▸ **Data excerpt**:
★ ★ ★
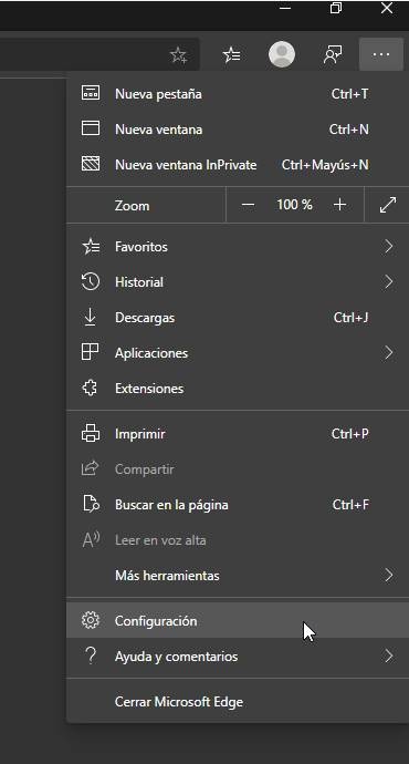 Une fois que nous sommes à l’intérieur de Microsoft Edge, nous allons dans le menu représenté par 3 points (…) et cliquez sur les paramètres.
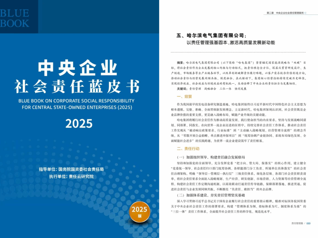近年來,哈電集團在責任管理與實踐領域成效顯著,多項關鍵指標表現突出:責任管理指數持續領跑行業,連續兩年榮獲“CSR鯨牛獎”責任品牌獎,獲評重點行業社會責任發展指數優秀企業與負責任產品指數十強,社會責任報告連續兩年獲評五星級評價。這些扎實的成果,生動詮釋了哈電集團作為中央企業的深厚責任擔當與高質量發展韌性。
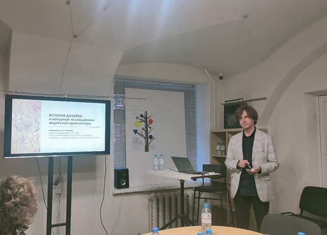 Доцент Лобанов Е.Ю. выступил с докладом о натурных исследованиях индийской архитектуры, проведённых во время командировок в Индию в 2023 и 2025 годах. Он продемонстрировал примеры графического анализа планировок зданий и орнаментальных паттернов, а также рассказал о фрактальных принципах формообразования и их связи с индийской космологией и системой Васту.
★ ★ ★
▸ **Problem requirements**: Pictures aside, write out verbatim every line from the first line of the material through the line holding "近年來,哈電集團在責任管理與".

▸ **The answer**:
 Une fois que nous sommes à l’intérieur de Microsoft Edge, nous allons dans le menu représenté par 3 points (…) et cliquez sur les paramètres.
近年來,哈電集團在責任管理與實踐領域成效顯著,多項關鍵指標表現突出:責任管理指數持續領跑行業,連續兩年榮獲“CSR鯨牛獎”責任品牌獎,獲評重點行業社會責任發展指數優秀企業與負責任產品指數十強,社會責任報告連續兩年獲評五星級評價。這些扎實的成果,生動詮釋了哈電集團作為中央企業的深厚責任擔當與高質量發展韌性。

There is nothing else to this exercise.